Kernel Rating (out of 5):
MPAA Rating: PG Length: 104 minutes
Age Appropriate For: 8+. A spinoff of “The LEGO Movie” that focuses on the Batman character from that film and references previous films about the comic book hero, this animated film includes a good amount of violence, with shootouts, hand-to-hand combat, explosions, and lots of other action sequences. Also some bathroom humor, an unrequited romance on Batman’s part, some scary/thrilling moments that may scare younger viewers, a few instances where the LEGO characters are pantsless, and the ongoing discussion of Batman’s fear of having a family after his own parents were killed.
‘The LEGO Batman Movie’ is a frenetic, colorful exploration into the world of the Dark Knight, as adapted to this universe of children’s toys. It’s self-aware and well-animated, but there’s a turn in the story that cheapens the whole thing about halfway through.
By Roxana Hadadi
We are living in the time not only of movies inspired by video games and board games, but movies that are spinoffs of those movies inspired by video games and board games, and those spinoffs are also superhero movies, because it wouldn’t be this current age of cinema if these things didn’t overlap. It can be creative, but it can be exhausting, and that’s basically where “The LEGO Batman Movie” lives.

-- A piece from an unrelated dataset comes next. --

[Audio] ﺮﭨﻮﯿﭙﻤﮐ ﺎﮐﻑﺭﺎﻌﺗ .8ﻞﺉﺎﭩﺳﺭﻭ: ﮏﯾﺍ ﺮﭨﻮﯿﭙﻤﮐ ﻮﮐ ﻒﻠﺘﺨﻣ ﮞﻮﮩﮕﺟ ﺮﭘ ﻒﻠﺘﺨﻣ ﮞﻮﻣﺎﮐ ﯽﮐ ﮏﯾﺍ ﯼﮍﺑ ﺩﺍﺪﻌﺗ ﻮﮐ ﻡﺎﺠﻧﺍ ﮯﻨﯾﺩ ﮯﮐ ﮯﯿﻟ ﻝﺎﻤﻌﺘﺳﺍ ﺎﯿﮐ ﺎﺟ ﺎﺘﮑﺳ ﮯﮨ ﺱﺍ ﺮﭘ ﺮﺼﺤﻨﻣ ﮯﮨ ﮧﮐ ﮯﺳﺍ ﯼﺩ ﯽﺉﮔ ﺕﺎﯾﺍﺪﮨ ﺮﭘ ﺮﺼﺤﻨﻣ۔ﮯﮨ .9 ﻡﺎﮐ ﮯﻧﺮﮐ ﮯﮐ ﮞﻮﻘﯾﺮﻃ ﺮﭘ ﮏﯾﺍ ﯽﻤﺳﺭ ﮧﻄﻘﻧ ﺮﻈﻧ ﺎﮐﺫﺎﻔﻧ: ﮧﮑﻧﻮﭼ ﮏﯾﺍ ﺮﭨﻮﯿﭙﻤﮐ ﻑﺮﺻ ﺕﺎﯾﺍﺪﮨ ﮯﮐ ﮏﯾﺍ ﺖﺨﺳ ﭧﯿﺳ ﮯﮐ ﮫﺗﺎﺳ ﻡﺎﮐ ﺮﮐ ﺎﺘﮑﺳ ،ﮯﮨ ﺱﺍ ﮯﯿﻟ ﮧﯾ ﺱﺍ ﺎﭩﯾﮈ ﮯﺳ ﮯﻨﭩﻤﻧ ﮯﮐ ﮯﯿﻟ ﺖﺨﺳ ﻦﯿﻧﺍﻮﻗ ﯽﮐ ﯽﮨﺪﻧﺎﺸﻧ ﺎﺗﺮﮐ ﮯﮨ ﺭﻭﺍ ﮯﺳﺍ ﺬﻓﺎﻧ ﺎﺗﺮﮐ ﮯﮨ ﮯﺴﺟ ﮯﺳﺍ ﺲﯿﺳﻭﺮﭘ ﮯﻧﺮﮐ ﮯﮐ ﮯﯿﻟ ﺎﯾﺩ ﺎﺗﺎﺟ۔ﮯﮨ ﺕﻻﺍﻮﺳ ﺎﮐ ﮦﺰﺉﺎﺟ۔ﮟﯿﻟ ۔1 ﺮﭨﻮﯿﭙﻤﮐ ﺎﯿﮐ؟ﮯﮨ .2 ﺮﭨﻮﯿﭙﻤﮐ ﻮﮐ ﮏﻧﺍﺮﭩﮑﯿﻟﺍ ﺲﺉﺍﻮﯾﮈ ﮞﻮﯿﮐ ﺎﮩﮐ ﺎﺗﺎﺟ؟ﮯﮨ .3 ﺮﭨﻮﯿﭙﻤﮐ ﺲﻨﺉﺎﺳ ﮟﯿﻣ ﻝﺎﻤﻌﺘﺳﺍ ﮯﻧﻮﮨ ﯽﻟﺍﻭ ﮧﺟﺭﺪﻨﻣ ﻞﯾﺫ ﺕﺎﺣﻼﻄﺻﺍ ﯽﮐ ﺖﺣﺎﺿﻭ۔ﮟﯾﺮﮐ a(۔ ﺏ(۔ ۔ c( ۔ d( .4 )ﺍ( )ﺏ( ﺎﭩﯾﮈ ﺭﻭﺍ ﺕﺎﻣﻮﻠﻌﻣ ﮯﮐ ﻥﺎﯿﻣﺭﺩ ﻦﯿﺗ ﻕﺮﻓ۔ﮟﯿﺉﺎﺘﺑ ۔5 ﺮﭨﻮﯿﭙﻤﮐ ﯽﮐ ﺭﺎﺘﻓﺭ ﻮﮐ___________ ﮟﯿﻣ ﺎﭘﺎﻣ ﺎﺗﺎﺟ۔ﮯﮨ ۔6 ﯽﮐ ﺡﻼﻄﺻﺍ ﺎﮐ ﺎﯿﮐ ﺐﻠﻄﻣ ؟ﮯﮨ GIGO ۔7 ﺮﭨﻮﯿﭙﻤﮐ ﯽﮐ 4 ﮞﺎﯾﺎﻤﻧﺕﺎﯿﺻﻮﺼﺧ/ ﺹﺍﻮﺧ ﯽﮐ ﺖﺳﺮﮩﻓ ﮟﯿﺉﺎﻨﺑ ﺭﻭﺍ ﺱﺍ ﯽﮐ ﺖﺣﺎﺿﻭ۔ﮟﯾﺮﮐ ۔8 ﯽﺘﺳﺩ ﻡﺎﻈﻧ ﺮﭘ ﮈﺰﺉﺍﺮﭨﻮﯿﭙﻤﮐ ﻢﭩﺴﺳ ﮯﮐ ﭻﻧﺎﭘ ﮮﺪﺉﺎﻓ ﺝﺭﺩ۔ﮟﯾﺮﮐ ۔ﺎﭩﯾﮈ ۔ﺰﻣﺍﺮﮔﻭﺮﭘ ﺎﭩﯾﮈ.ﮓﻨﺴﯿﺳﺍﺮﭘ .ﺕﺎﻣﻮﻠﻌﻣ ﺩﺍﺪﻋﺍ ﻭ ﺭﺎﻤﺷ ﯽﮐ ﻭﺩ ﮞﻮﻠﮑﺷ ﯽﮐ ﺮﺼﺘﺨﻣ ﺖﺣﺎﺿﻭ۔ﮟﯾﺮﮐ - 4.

A kind-of sequel to both 2014’s “The LEGO Movie” and to previous films about the Batman character, including 2016’s “Batman v Superman: Dawn of Justice” and the Christopher Nolan trilogy with “The Dark Knight Rises” and “The Dark Knight,” “The LEGO Batman Movie” is frenetic, frantically paced, and mostly self-aware, smartly written to make viewers feel like they’re in on every single joke both ridiculing how people treat Batman and how he views the outside world.

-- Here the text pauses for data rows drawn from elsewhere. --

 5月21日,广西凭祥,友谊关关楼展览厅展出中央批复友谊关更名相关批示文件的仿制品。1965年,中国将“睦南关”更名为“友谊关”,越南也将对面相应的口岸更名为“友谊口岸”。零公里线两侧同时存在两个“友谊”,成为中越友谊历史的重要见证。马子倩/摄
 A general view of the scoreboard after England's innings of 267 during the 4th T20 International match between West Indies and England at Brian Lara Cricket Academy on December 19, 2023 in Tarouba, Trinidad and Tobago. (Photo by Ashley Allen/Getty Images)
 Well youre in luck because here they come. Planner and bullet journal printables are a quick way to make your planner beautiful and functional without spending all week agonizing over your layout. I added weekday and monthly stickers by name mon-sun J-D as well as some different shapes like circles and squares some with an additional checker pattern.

When someone tells Batman that he loves the vigilante more than he loves his own kids, we laugh; when we see Batman sing a self-written ode to his abs and his gadgets, we laugh. The whole thing is a send-up of the self-important braggadocio of the character, an idea introduced in “The LEGO Movie” and expanded here, with a great voice performance from Will Arnett. He’s gravelly and ridiculous, equally effective whether he’s smugly explaining the “vigilante policy on cookies” or when he quietly admits that it “must be nice to be happy.”

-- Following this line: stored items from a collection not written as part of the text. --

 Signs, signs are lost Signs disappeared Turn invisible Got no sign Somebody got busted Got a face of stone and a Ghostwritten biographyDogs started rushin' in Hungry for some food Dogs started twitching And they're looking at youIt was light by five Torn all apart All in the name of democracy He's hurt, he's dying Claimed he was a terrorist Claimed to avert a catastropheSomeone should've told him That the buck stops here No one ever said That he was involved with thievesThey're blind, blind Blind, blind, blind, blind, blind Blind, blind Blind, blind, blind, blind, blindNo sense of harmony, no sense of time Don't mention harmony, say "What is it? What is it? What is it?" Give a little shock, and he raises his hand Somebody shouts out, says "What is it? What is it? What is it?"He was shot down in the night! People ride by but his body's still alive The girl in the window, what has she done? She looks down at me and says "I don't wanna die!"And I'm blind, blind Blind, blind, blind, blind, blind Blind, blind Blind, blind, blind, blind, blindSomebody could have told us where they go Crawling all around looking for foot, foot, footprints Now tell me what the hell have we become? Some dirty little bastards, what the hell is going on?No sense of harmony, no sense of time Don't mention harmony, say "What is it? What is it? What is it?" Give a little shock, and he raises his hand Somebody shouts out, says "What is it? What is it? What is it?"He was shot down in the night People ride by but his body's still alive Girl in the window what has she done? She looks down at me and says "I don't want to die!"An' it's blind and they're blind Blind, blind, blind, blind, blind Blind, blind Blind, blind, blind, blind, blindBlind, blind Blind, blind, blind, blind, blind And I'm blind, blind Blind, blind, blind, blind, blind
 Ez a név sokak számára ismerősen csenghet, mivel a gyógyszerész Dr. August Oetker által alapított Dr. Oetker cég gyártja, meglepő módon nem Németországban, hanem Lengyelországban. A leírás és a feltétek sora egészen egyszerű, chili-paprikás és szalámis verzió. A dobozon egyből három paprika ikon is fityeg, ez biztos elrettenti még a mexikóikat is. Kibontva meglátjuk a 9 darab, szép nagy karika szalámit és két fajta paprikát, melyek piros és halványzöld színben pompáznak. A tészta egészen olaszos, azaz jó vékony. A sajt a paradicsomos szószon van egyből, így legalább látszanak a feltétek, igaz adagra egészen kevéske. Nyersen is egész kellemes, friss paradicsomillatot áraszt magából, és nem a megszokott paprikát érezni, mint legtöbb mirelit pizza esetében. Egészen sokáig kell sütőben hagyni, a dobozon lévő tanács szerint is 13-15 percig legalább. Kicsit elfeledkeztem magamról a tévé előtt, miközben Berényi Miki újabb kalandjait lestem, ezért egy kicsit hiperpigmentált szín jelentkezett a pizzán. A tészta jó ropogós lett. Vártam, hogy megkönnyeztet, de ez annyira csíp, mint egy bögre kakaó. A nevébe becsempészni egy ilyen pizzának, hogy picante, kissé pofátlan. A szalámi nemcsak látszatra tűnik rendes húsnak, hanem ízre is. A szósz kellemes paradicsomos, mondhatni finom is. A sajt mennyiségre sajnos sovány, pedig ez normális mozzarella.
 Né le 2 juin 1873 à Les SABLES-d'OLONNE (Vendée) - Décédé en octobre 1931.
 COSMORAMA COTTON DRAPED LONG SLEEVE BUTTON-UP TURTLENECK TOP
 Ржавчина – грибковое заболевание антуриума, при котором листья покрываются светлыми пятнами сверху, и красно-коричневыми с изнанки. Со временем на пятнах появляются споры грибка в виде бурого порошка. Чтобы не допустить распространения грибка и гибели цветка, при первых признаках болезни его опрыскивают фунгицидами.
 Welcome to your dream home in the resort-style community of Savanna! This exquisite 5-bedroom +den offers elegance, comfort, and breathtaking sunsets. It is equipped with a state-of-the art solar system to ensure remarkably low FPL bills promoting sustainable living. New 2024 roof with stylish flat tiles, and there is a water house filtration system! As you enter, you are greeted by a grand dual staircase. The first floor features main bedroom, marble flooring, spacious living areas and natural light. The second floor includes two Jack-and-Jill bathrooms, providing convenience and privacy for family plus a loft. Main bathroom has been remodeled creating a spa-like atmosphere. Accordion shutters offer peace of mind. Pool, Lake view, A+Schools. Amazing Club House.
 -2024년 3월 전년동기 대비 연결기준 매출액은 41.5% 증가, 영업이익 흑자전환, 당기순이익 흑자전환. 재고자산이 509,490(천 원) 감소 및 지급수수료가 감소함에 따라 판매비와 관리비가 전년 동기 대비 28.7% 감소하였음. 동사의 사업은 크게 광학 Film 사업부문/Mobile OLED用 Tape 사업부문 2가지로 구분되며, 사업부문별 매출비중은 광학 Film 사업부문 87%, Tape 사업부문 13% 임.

But how the film turns about 30 minutes in, transforming from this amusingly mocking portrayal of the Bat into something more sentimental, feels forced, and the choice to further expand the LEGO universe into one that includes villains like Voldemort from “Harry Potter,” Sauron from Middle Earth, and Godzilla feels like a cash grab. The original “LEGO Movie” did the same thing, including characters from what felt like every single property owned by the Warner Brothers studio as a way to maximize merchandise sales, and “LEGO Batman Movie” repeats that move. It makes the story practically nonsensical if you take away the meta quality of “The LEGO Movie,” which “Batman Movie” does, and it doesn’t feel organic to the story at all.
What does work, though, are the thoughtful, intentional elements of “The LEGO Batman Movie” that pop up amid this cacophony of outside characters. Barbara Gordon (voiced by Rosario Dawson, of “Ratchet & Clank”) is great at her job as police commissioner of Gotham City, using an unprecedented combination of “statistics and compassion” to succeed in law enforcement. How the script allows her time to work, to show off the effort that went into her career, is a subtle acknowledgment that her choices were more respectable than Batman’s, even if he is a superhero. The relationship between Batman and the Joker (voiced by Zach Galifianakis, of “Keeping Up with the Joneses”), is effectively portrayed as a bizarrely codependent one, with suggestions of a rivalry fueled so much by hate that it almost turns into love.
And for every joke that doesn’t quite work (when it’s revealed that the costume worn by Robin, voiced by Michael Cera of “This is the End,” is a holdover from Batman’s days as Reggae Man), there’s another one-off that is instantly memorable, like when Batman and Joker begin fighting and a white LEGO character casually admits that he’s going to start looting. It’s those subversive moments, aimed clearly for older “LEGO Batman” viewers, that cut through all the noise—like when Robin gleefully says that with Batman and Bruce Wayne adopting him, he has “two dads.”
That kind of off-the-cuff inclusivity is what makes “The LEGO Batman Movie” work, even as the film makes obvious choices regarding Batman’s family life and seems uninspired when it has to pull from other pop-culture franchises to find people for Batman to fight. It’s not as jarringly great as “The LEGO Movie” was, but “The LEGO Batman Movie” is mostly self-conscious and creative enough to keep fans of the character entertained.